魏雨萌怎么都沒想到會在這里碰上湛莫寒,那一刻,心里的驚慌失措在看到他時正在一點點消散。
她拉著牧林靜的手,唇角淌著笑。
“別擔心,湛總來了,他不會不管我們的。
”
牧林靜點點頭:“嗯。
”
這家酒吧的老板立刻迎上前,那恭維的樣子,還真是讓人覺得狗腿,不過誰讓人湛總有這個本事。
湛莫寒連眼皮都沒抬,徑直走向魏雨萌他們這邊,他的黑眸深邃幽暗,常年冰冷的臉很無情。
“誰給你們的膽子,敢在公共場合強迫別人?”
興師問罪的語氣,一股子高高在上的氣勢,卻一點都不覺得違和,仿佛這個男人天生就是王者,受人敬仰。
剛才還抓著魏雨萌的幾個女人看見湛莫寒都快走不動路了,一雙眼睛緊緊盯著他,虎視眈眈。
魏雨萌回頭看了看那幾個女人,這是看上湛莫寒了嗎?
趙乾笙不知道湛莫寒的來頭,只是以為哪家的公子哥,在這里的都是他的手下,要是他氣勢落了下風,以后還怎么在這一帶混。
他仰著頭,逼迫自己壓下對男人的恐懼。
“你又是從哪兒冒出來的,這倆妞是你的?”
湛莫寒眉頭一揚,很輕蔑的看著趙乾笙,眼神犀利又深邃。
“跟你有關系?”
“怎么跟我沒關系,這個……現在是我的。
”趙乾笙抬起手就準備指向魏雨萌。
湛莫寒眼神意林,黑眸流竄著怒火,下一秒,伸手就握住趙乾笙的手,只聽見骨頭咔嚓的聲音。
“啊……好疼!”
其他人也按捺不住,都準備要向湛莫寒動手。
趙乾笙彎著腰,捂著自己疼的抽筋的手,怒吼了一聲。
“給我揍他丫的!”
那些人卷起袖子就準備沖上去,可不知為何,一看到湛莫寒眼底的陰騭,仿佛能夠滲入他們的內心,有一部分人還沒開始就已經在打退堂鼓了。
趙乾笙看著身邊這些猶豫不決的人。
“你們他媽都是聽不見嗎?怕什么,他在我們的地盤上,他們兩個還能掀了天不成!”
“你的地盤?”男人唇角勾出一抹很淺很淺的弧度,讓他真掌管連都變得陰騭又滲人,他朝老板勾了勾手,“你告訴他,這兒是誰的地盤。
”
老板早就嚇的恨不得縮成一團球滾出去。
他哆哆嗦嗦開口:“笙……笙哥,我們這一條街的鋪面,都屬于湛總,你還是趕緊給湛總跪下道歉吧。
”
趙默笙吃驚的看向老板,不可置信。
“你說什么,這些地盤都是他的!”
“是呀,之前湛總從沒來過這邊,再說,我也不知道你們會惹到他。
”
老板之前就見過湛莫寒發火,差點把這兒鬧試的人給弄死,那個人到現在也沒在這里出現過。

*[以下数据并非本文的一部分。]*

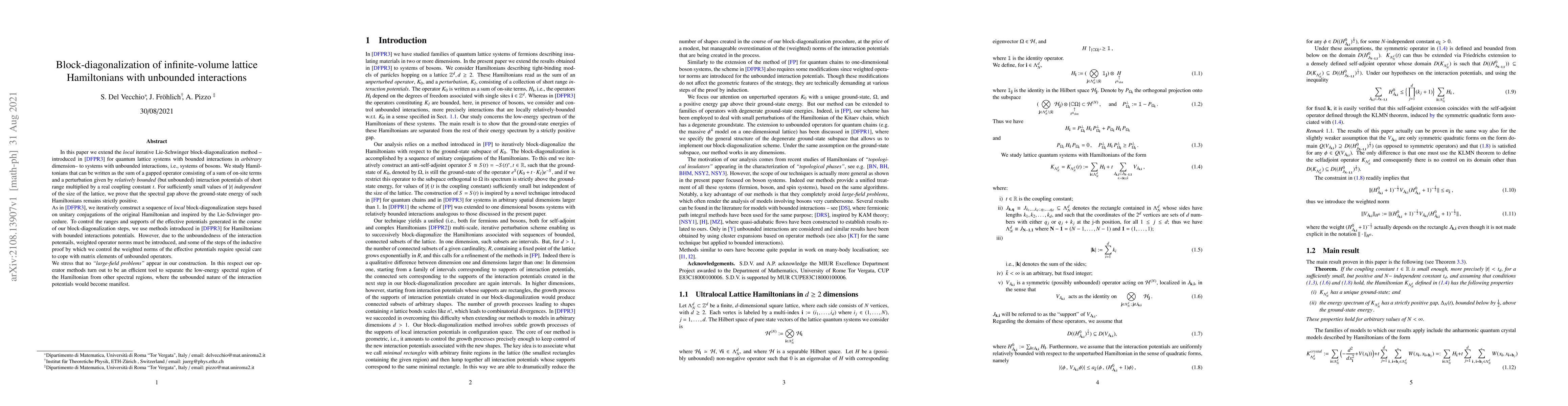 Researchers developed a method to block-diagonalize infinite-volume lattice Hamiltonians with unbounded interactions, proving that the spectral gap above the ground-state energy remains positive for sufficiently small coupling constants.

沒想到時隔那么多年,湛總居然又碰上了,趙乾笙可真倒霉,擺明了這個女的跟湛總的關系就非同一般。
趙乾笙的臉色變得僵硬,突然間也不知道該怎么辦了。
這個男人的背景居然這么復雜,他之前以為不過是哪家的公子哥,他好歹也在這里混跡了那么久。
牧林靜這會兒看見趙乾笙慫了,還不忘在湛莫寒跟前告狀。
“湛總,剛才這個人還非要抓著雨萌喝酒,還不讓我們走!”
男人眸光一斂,很明顯怒氣又高了一層。
“是嗎?既然這么喜歡讓別人喝酒,這樣吧,你們這里有多少人,就多少瓶酒,讓他喝完再走。
”
眾人唏噓不已。
這實在太狠了,在場的多少都有四五十個人,一人一瓶要喝那么多,非得喝出人命。
老板聞都被嚇到了,這比把趙乾笙毒打一頓都還要可怕。
其中有人就要為趙乾笙求情。
“湛……湛總,笙哥他不知道你跟這兩位小姐認識,能不能網開一面,別讓他喝那么多。
”
湛莫寒從旁邊的桌子,徒手打開一瓶啤酒,目光懾人。
“那要不你來替他喝?”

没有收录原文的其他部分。